[WHAT IS NEEDED]
With the pictures left out, copy the records below exactly from the first line down to the line holding "This 2-light outdoor", and include that line.

[Records from a collection]
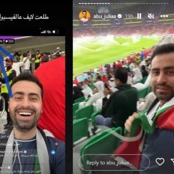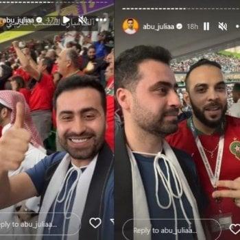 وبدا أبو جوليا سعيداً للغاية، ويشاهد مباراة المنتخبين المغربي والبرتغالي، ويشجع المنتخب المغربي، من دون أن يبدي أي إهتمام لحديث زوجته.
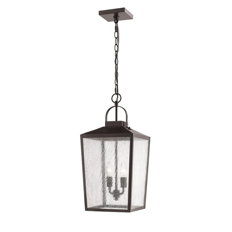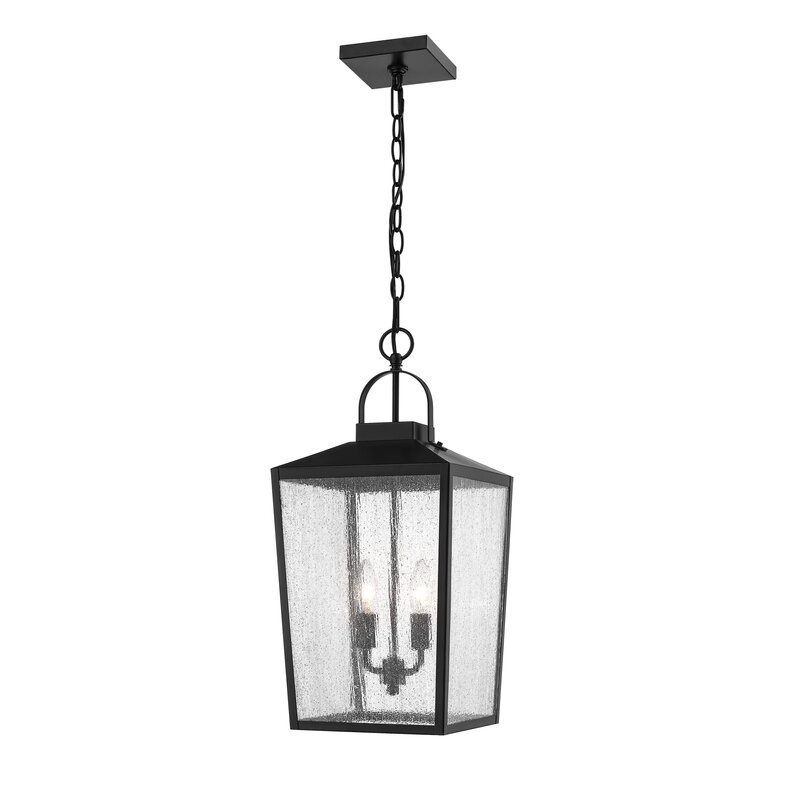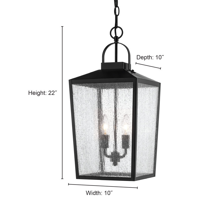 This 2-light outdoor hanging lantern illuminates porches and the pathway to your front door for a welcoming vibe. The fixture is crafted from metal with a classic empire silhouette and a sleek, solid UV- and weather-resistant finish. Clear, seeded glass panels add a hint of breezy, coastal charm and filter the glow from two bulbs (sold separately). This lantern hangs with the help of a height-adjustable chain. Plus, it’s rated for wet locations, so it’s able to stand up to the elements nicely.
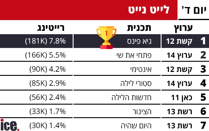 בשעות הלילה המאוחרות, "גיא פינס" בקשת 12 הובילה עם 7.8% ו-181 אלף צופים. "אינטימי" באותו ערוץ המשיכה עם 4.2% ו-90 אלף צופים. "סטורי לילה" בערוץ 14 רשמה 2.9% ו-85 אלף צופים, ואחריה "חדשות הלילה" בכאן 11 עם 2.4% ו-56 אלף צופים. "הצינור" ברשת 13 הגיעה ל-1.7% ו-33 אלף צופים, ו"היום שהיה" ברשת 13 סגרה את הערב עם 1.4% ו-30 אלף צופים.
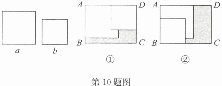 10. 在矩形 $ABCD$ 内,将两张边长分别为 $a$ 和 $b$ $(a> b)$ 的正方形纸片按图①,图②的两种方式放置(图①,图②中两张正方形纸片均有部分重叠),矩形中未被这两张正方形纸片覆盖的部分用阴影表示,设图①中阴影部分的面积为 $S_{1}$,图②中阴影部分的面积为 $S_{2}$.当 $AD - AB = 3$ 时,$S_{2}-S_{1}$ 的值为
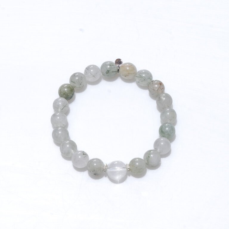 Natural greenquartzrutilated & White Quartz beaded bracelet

[SOLVED EXERCISE]
 وبدا أبو جوليا سعيداً للغاية، ويشاهد مباراة المنتخبين المغربي والبرتغالي، ويشجع المنتخب المغربي، من دون أن يبدي أي إهتمام لحديث زوجته.
 This 2-light outdoor hanging lantern illuminates porches and the pathway to your front door for a welcoming vibe. The fixture is crafted from metal with a classic empire silhouette and a sleek, solid UV- and weather-resistant finish. Clear, seeded glass panels add a hint of breezy, coastal charm and filter the glow from two bulbs (sold separately). This lantern hangs with the help of a height-adjustable chain. Plus, it’s rated for wet locations, so it’s able to stand up to the elements nicely.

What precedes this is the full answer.